After locating the line that contains "791: [sage] 2023/09/26(火)" in the material below, copy that line and each one following it, exactly, up to the last line. Pictures stay out.

# [Data segment]
==*==

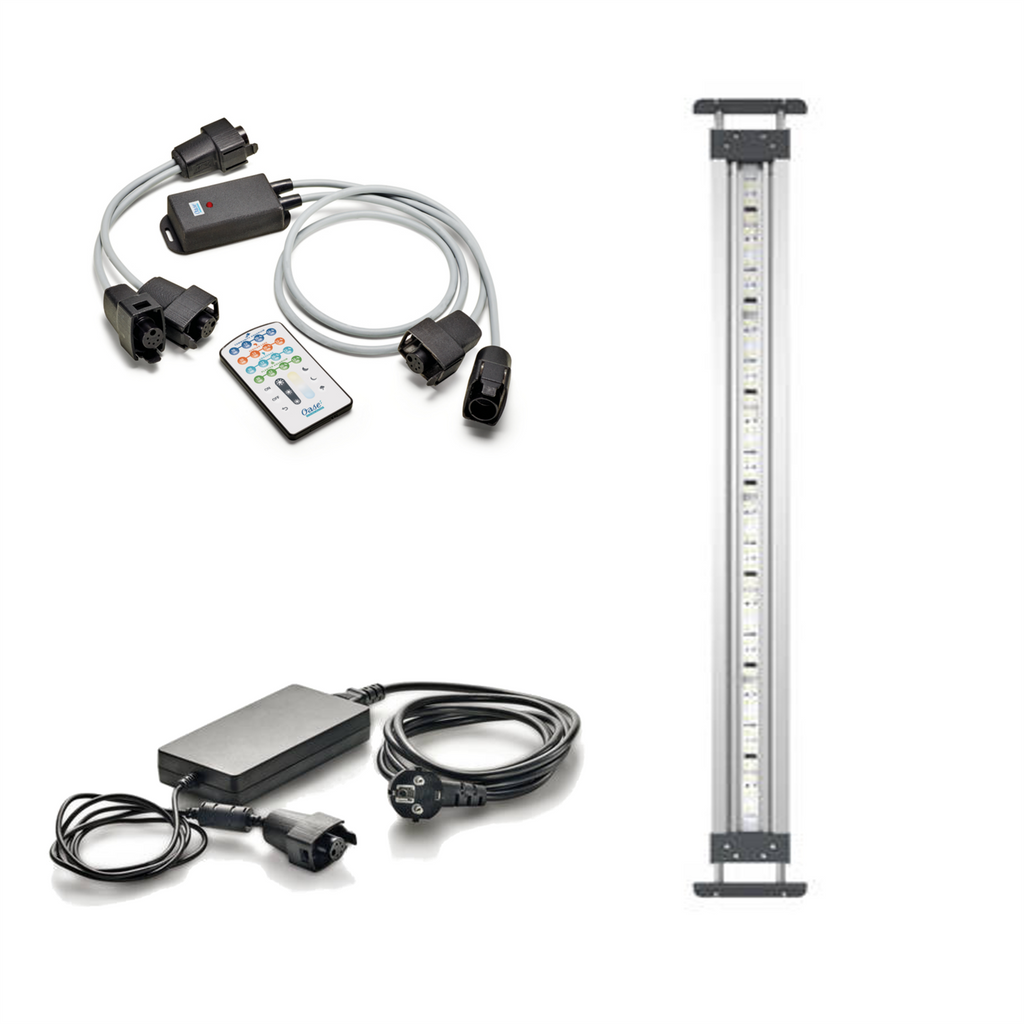 The Oase MotionControl LED sets delivers a broad colour spectrum and simulated natural sunlight which promotes healthy plant and livestock growth. The Oase MotionControl LED lights can be adjusted as desired with the EAC Aquarium Controller (Part 33885 – not included), to give your aquarium the lighting that it deserves.
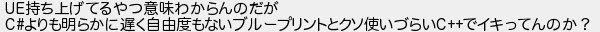 791: [sage] 2023/09/26(火) 19:24:15.99 ID:RYVVf0QK UE持ち上げてるやつ意味わからんのだが C#よりも明らかに遅く自由度もないブループリントとクソ使いづらいC++でイキってんのか? http://mevius.5ch.net/test/read.cgi/gamedev/1695087270/791
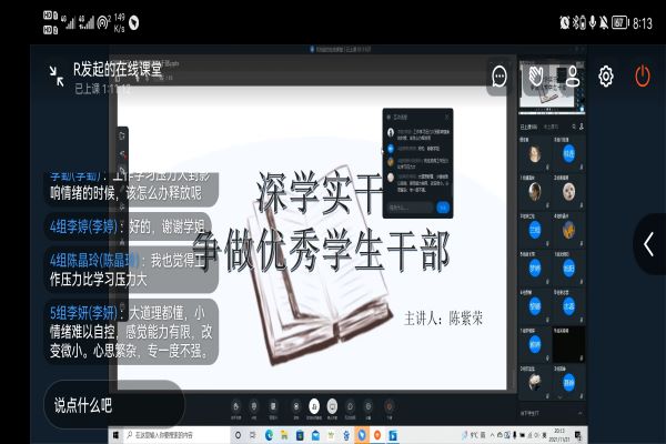 陈紫荣就学生干部在工作上可能遇到的问题提出一些自己的见解,并从三个方面阐述了如何做好一名学生干部。首先是要注意心境变化,成为学生干部之后,面对工作上的一些困难,感到压力或焦虑属于正常情况,最重要的是调整好自己的心态;其次是要深学实干,作为学生干部应做到学习工作两手抓。除此之外,她还分享了自己的一些学习方法,并强调,大家要注重时间管理,拒绝拖延,在工作与学习发生冲突的时候合理分配时间,平衡学习与工作的关系。
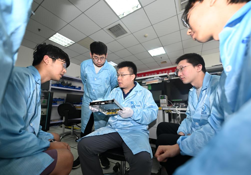 在云遙宇航的研發(fā)部,李峰輝和團(tuán)隊(duì)成員討論一款衛(wèi)星核心部件的集成電路板(6月4日攝)。

==*==

# [Written response]
 791: [sage] 2023/09/26(火) 19:24:15.99 ID:RYVVf0QK UE持ち上げてるやつ意味わからんのだが C#よりも明らかに遅く自由度もないブループリントとクソ使いづらいC++でイキってんのか? http://mevius.5ch.net/test/read.cgi/gamedev/1695087270/791
 陈紫荣就学生干部在工作上可能遇到的问题提出一些自己的见解,并从三个方面阐述了如何做好一名学生干部。首先是要注意心境变化,成为学生干部之后,面对工作上的一些困难,感到压力或焦虑属于正常情况,最重要的是调整好自己的心态;其次是要深学实干,作为学生干部应做到学习工作两手抓。除此之外,她还分享了自己的一些学习方法,并强调,大家要注重时间管理,拒绝拖延,在工作与学习发生冲突的时候合理分配时间,平衡学习与工作的关系。
 在云遙宇航的研發(fā)部,李峰輝和團(tuán)隊(duì)成員討論一款衛(wèi)星核心部件的集成電路板(6月4日攝)。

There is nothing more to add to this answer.